На этом же подземном этаже я привел себя более-менее в порядок. Ну, умылся и отряхнул свой френч, да с горем пополам почистил сапоги. Анзор, занимавшийся тем же, еще и подтрунивал, что мы составим конкуренцию нищим на паперти. Императрица от появления таких «красавцев» может в обморок упасть или мелкую монетку пожертвовать.
Спустились еще на один этаж вниз. Еремеев провел нас по длинному коридору, и мы оказались в просторной приемной. При нашем появлении, со своего места подскочил поручик и дернулся к кобуре, но потом выдохнул и извинился:
— Господа, прошу простить, нервы ни к черту! — он пригладил волосы и уточнил: — Как прикажете доложить?
— Сам о гостях объявлю, — махнул ему рукой генерал и открыл массивные створки дверей.
Я уже смог оценить, что в таком укрытии императрица ни за что не узнает, что происходит перед резиденцией. Судя по толщине стен, то и разрывы ее не побеспокоят, будь даже прямое попадание из пушки по зданию.
— Ваше императорское величество! — заходя в комнату для совещаний, сказал Еремеев. — К нам подоспела подмога во главе с хозя… гм, наместником Урала, Чурковым Иваном Макаровичем.
— Добрый день, — появился я из-за спины генерала и щелкнув каблуками сапог, склонил голову.
В переговорной воцарилась тишина, нашего появления тут никто не ждал и теперь гадают, что последует дальше.
Глава 11. Внести сумятицу
Перед императрицей лежит какой-то лист бумаги, а сама она держит в руке перьевую ручку и внимательно на меня смотрит. Взгляд усталый, а в глазах, как мне показалось, мелькнула радость, сменившаяся настороженностью. Вот Ольга Николаевна нахмурилась, положила ручку и посмотрела на одного из генералов:
— Господин Барсов, вы меня уверяли, что помощи ждать неоткуда!
— Ваше императорское величество, — промокнул вспотевший лоб, штабной генерал от кавалерии, — появление наместника Урала для меня приятная неожиданность.
— Как так? — не выдержал я. — Неужели Лев Федорович Рагозин не сумел ни с кем из вас связаться и сообщить, что спешим на помощь?

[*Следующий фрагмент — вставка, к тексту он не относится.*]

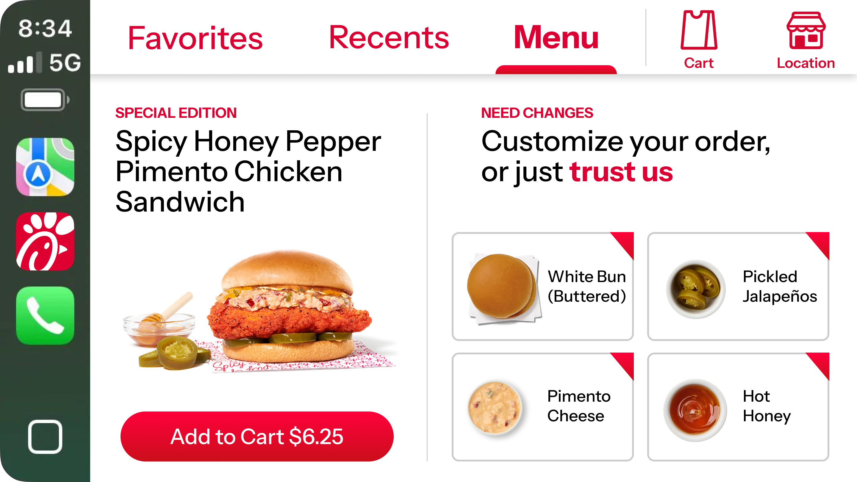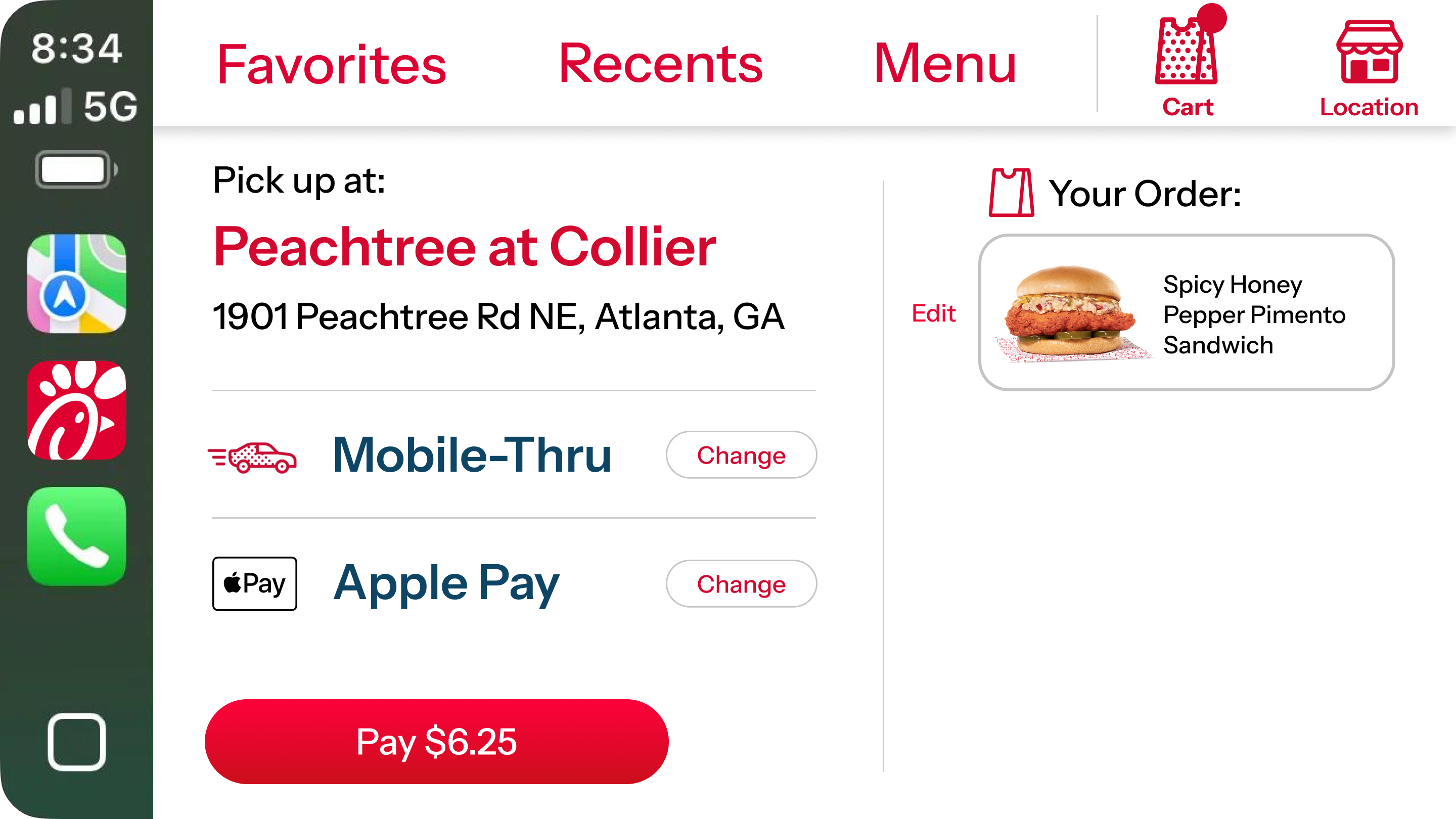 I worked to create a new in car ordering experience for Chirck-fil-A leveraging Apples CarPlay & other technologies in order to create a more seamless and enjoyable ordering experience.
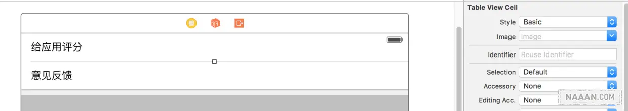为了演示方便这里就先创建一个 Section,其中有两行 Cell。两个 Cell 的 Style 都设置为 Basic,并将 Title 修改如下。

— Мне об этом ничего не известно! — сразу стал открещиваться генерал.
— Гм, Александр Сергеевич, но ведь при мне вам принес записку какой-то доктор от директора медицинского совета и на словах сказал про помощь из Сибири, — удивленно проговорил какой-то полковник.
— Да? Запамятовал значит! Закрутился и из головы вылетело! Сами же видите, что вокруг происходит, — забегал глазами генерал.
— И поэтому вы всех убеждали, что мне следует подписать отречение в пользу государственной думы, объявив Россию республикой? — вкрадчиво спросила императрица. — Арестовать! В камеру и провести дознание! — она оглянулась на стоящих позади ее кресла охранителей.
Двое из них сразу же наставили на генерала револьверы, а Ольга Николаевна продолжила:
— Генерал Барсов, точнее, бывший генерал, — она криво усмехнулась, — сдайте оружие.
— Это один из офицеров Генерального штаба, — шепнул мне Еремеев.
Ну, это я уже догадался. Барсов сопротивления не оказал, револьвер на стол выложил и проследовал на выход в сопровождении охранителей императрицы. Не сказал бы, что арестованный и лишенный звания выглядит расстроенным. Нет, он спокоен, вся его нервозность прошла. Мне даже показалось, что генерал рад такому исходу и теперь смотрит на всех победителем, именно так его взгляд расшифровал, в котором мелькнуло презрение ко всем собравшимся.